2.2. Specimen Preparations

Since the cylindrical sample used in the triaxial compression test had a diameter of 50 mm and a height of 100 mm, the same sample size was used to determine density, porosity, and permeability coefficient values and compressive and splitting tensile strength tests to avoid the sample size effect. The cement contents were partially replaced with fly ash at levels of 5 to 25% by cement weight. The water–cement ratio was fixed to 0.32, and the curing periods were 28, 50, and 90 days. The mixture was prepared sufficiently for one sample only to control the mixing quality. The CFG mixture proportions are listed in

Table 3. Mixture proportions for one cylinder of the CFG column.

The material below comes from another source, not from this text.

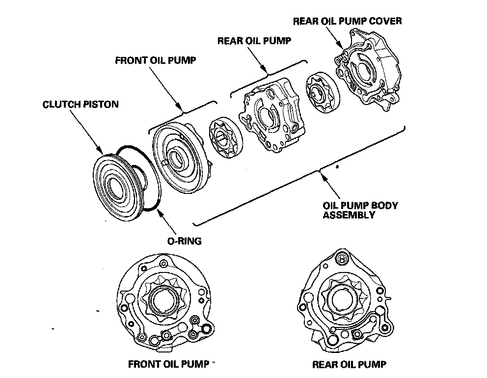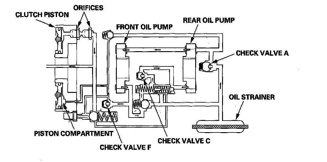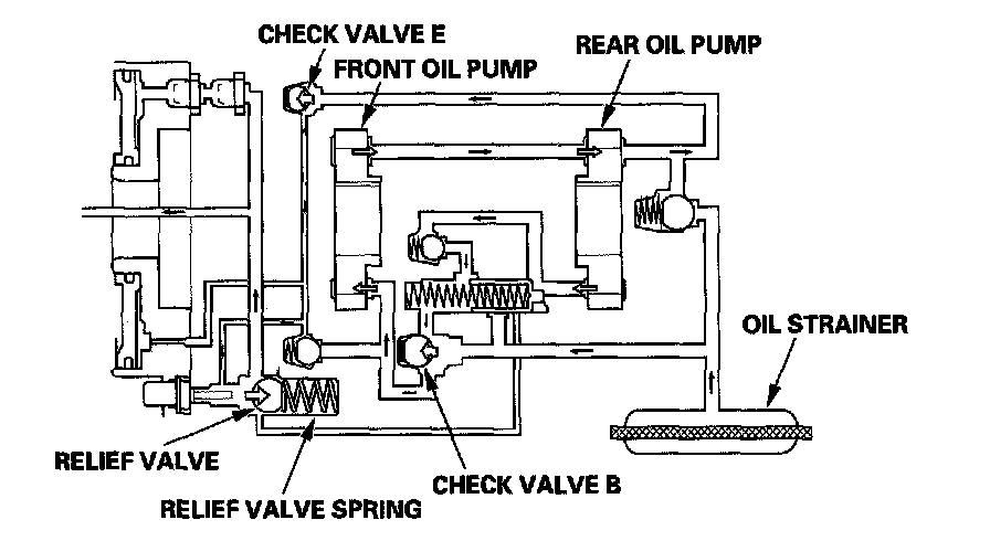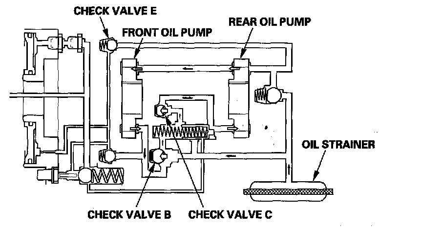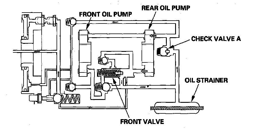 - 2 During reverse driving, the oil pumps rotate in reverse. However, the oil drawn in by the front pump from the oil strainer passes the check valve A and rear oil pump, and then is drawn in and discharged by the front oil pump.

Designation	SG	LG	Cement		Fly ash		Water
	(g)	(g)	(%)	(g)	(%)	(g)	(g)
SG-F0	400	-	100	88.0	0	-	28.16
SG-F5	400	-	95	83.6	5	4.4
SG-F10	400	-	90	79.2	10	8.8
SG-F15	400	-	85	74.8	15	13.2
SG-F20	400	-	80	70.4	20	17.6
SG-F25	400	-	75	66.0	25	22.0
LG-F0	-	400	100	88.0	0	-
LG-F5	-	400	95	83.6	5	4.4
LG-F10	-	400	90	79.2	10	8.8
LG-F15	-	400	85	74.8	15	13.2
LG-F20	-	400	80	70.4	20	17.6
LG-F25	-	400	75	66.0	25	22.0
MG-F0	200	200	100	88.0	0	-
MG-F5	200	200	95	83.6	5	4.4
MG-F10	200	200	90	79.2	10	8.8
MG-F15	200	200	85	74.8	15	13.2
MG-F20	200	200	80	70.4	20	17.6
MG-F25	200	200	75	66.0	25	22.0

. The gravel, cement, and fly in a concrete mixer first mixed ash for 2 min; then the water was added, and the mixture was blended for 3 min. The uniformity and homogeneity of the specimen were satisfied by visual observation. Each sample was contained in a cylindrical steel mold, which could be split into two parts to avoid the specimen disturbance and was greased with lubrication oil. After completing the molding process for 24 h, the specimen was immediately removed. The mass and size of the sample were recorded before curing in the water bath. Figure 5 shows the CFG specimen before testing.

2.3. Methods

This section describes the testing details and procedures of tests. When the assigned curing time of the specimen for each test was achieved, the test was then instantly performed. The acceptance criterion was designated that the individual test values of three samples, molded with the same characteristics, must deviate from the mean test value by less than 10% to avoid the error caused by the discreteness of the sample. For all tests in this study, an average value of the test results based on three specimens was reported.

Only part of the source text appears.